The people who think John might be the Messiah are clearly different from those who looked for a military or a revolutionary or a religious leaders, for John is clearly none of these. If they mistook John for the Messiah, it is because they believed the Messiah would be one who challenged them to repentance and spiritual renewal; their hearts were in the right place.
What would have been our own expectation of the Messiah? Do we expect the Messiah to challenge us to repent and change?
“What then? Are you Elijah?” they ask. If John is not the Messiah, perhaps Elijah has returned as prophesied by the prophet Malachi. Elijah was to come to turn the hearts of the people before the day of the Lord came, Malachi Chapter 4 Verse 5 says, “Lo, I will send you the prophet Elijah before the great and terrible day of the Lord comes”.
Elijah would have recognized much of himself in John the Baptist. Speaking the truth gets Elijah into trouble with the rulers of the land and Elijah’s life is in danger. In the First Book of Kings Chapter 19, Elijah is so afraid that God comes to find him – speaking to him not in an earthquake, wind or fire, but in a still, small voice. Elijah’s life is a story of extraordinary integrity, of speaking the truth no matter what others might think.
It is a mark of the integrity of John the Baptist that those who come to question him think he might be Elijah, that the man who faced down those who opposed him might have been thought to have returned.
How much might we learn from Elijah? How much might we be challenged to be people who speak for what is right? How much might we learn to find God in a still, small voice?
John the Baptist has told them that he is neither the Messiah nor Elijah, so they ask him, “Are you the prophet?’ He answered, “No.” There was an expectation that one of the great prophets of the past would return as a forerunner of the Messiah.

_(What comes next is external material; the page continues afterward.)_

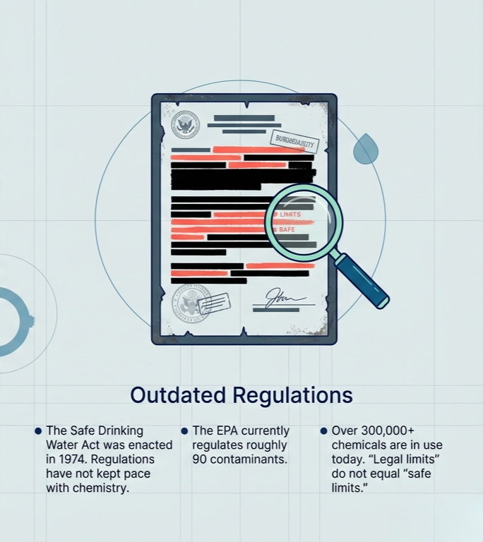 Congress enacted the Safe Drinking Water Act in 1974, but regulations haven't kept pace. The EPA regulates roughly 90 contaminants, yet 300,000+ chemicals are in use today.

In Saint Matthew Chapter 16 Verses 13-14, Jeremiah is named as a possible forerunner. Who do people say that the Son of Man is?’ And they said, ‘Some say John the Baptist, but others Elijah, and still others Jeremiah or one of the prophets.”
The story of Jeremiah has bleak moments. He lives through the history of Judah over the years before the fall of the kingdom and the destruction of the holy city of Jerusalem in 586 BC. Jeremiah is warned at the beginning that life will not be easy, and it is not.
People simply do not wish to listen to Jeremiah, and when things go wrong blame him for the problems, in Jeremiah Chapter 38 Verse 4, the officials complain to the king about Jeremiah, “This man should be put to death. He is discouraging the soldiers who are left in this city, as well as all the people, by the things he is saying to them. This man is not seeking the good of these people but their ruin”. Jeremiah was accused of damaging morale with his prophecies of what was going to happen, but Jeremiah must speak the truth.
People who thought John the Baptist might be the prophet recognized that the forerunner of the Messiah would be someone who could see the signs of the times and who spoke about what he believed to be true.
What have we to learn from Jeremiah? Are we people who are prepared to look around us and see the injustices and wrongdoings in our own times? Are we prepared to speak the truth, as Jeremiah, did about what we see?
He confessed and did not deny it, but confessed, ‘I am not the Messiah.‘ And they asked him, ‘What then? Are you Elijah?’ He said, ‘I am not.’ ‘Are you the prophet?’ He answered, ‘No.’
John the Baptist’s answers challenge us to think about the Messiah, about Elijah, about Jeremiah, they challenge us to think about our own faith and about our own life.